### DATASET EXTRACT
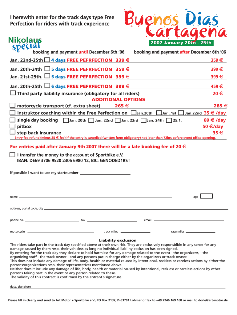 I herewith enter for the track days type Free Perfection for riders with track experience Nicolaus Buenos Días Cartagena special and payment until December 6th 06 booking 2007 January 20th 25th booking
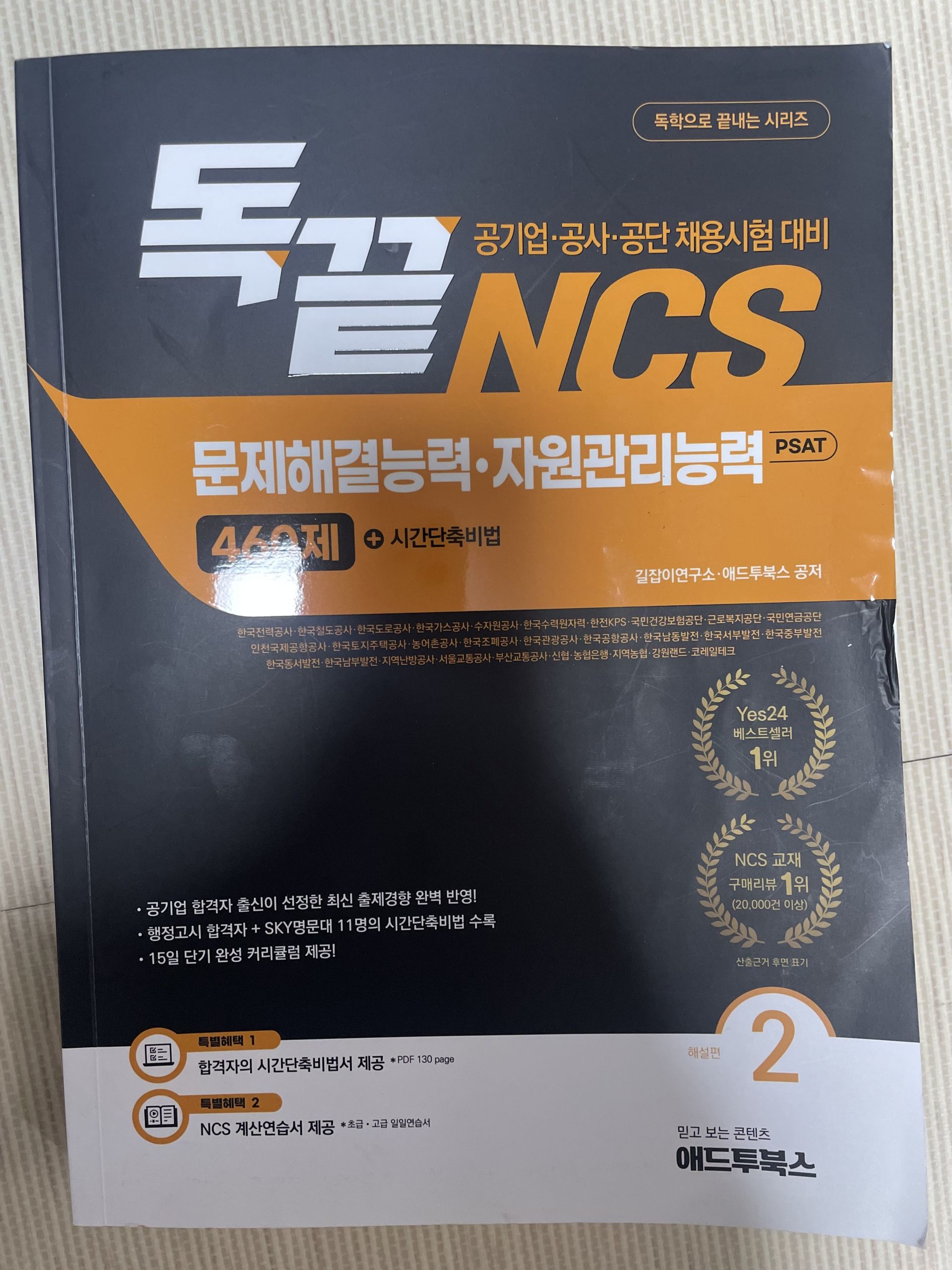 관련 내용을 찾아보다가 애드투 NSC 이석봉 강사님을 발견하게 되었고, 할인까지 받아 코레일NCS 파이널 합격 컷 강의를 수강했습니다. 책은 첨부된 이미지 참고 부탁드립니다 -> NCS공부를 처음 접하는 사람으로서 강의만 듣는거는 한계가 있다고 생각합니다. 교재로 다양한 유형을 접하는게 중요한 것 같습니다.
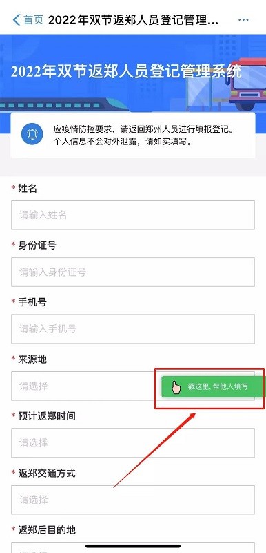 进入返郑人员登记管理系统后,点击“戳这里,帮他人填写”,即可帮他人填报个人信息。
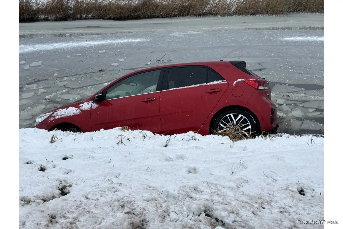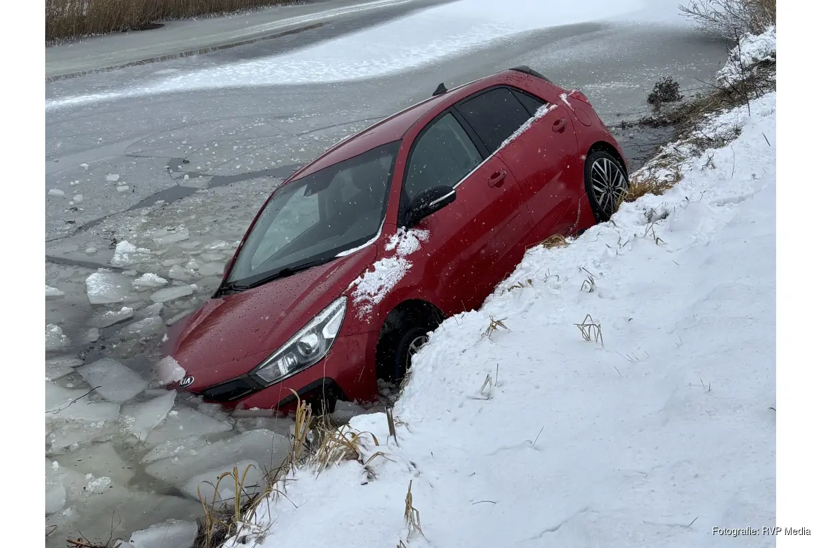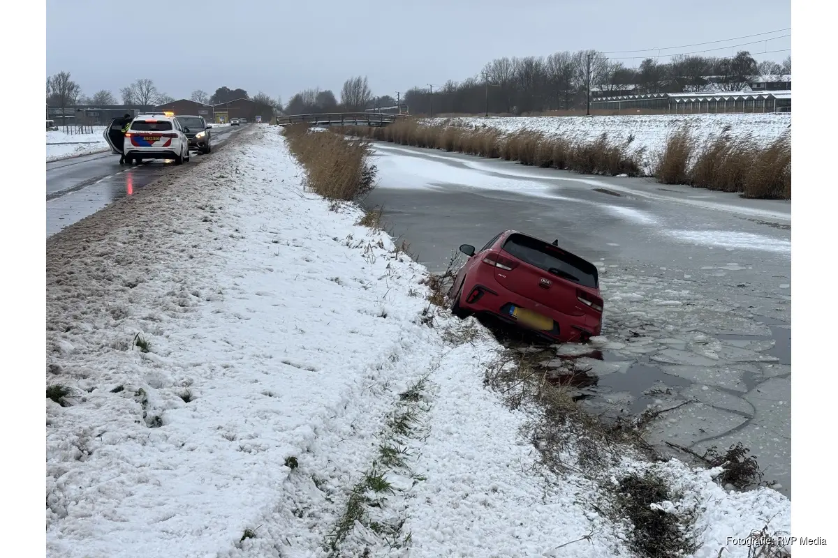 De bestuurder verloor door de sneeuw en gladheid de macht over het stuur en raakte te water. Hij kon zelf de auto verlaten en werd door de ambulancedienst behandeld. Een rit naar het ziekenhuis bleek niet nodig.

### PROMPT
All of the listing should be transcribed exactly, but none of its images.

### ANSWER SECTION
 I herewith enter for the track days type Free Perfection for riders with track experience Nicolaus Buenos Días Cartagena special and payment until December 6th 06 booking 2007 January 20th 25th booking
 관련 내용을 찾아보다가 애드투 NSC 이석봉 강사님을 발견하게 되었고, 할인까지 받아 코레일NCS 파이널 합격 컷 강의를 수강했습니다. 책은 첨부된 이미지 참고 부탁드립니다 -> NCS공부를 처음 접하는 사람으로서 강의만 듣는거는 한계가 있다고 생각합니다. 교재로 다양한 유형을 접하는게 중요한 것 같습니다.
 进入返郑人员登记管理系统后,点击“戳这里,帮他人填写”,即可帮他人填报个人信息。
 De bestuurder verloor door de sneeuw en gladheid de macht over het stuur en raakte te water. Hij kon zelf de auto verlaten en werd door de ambulancedienst behandeld. Een rit naar het ziekenhuis bleek niet nodig.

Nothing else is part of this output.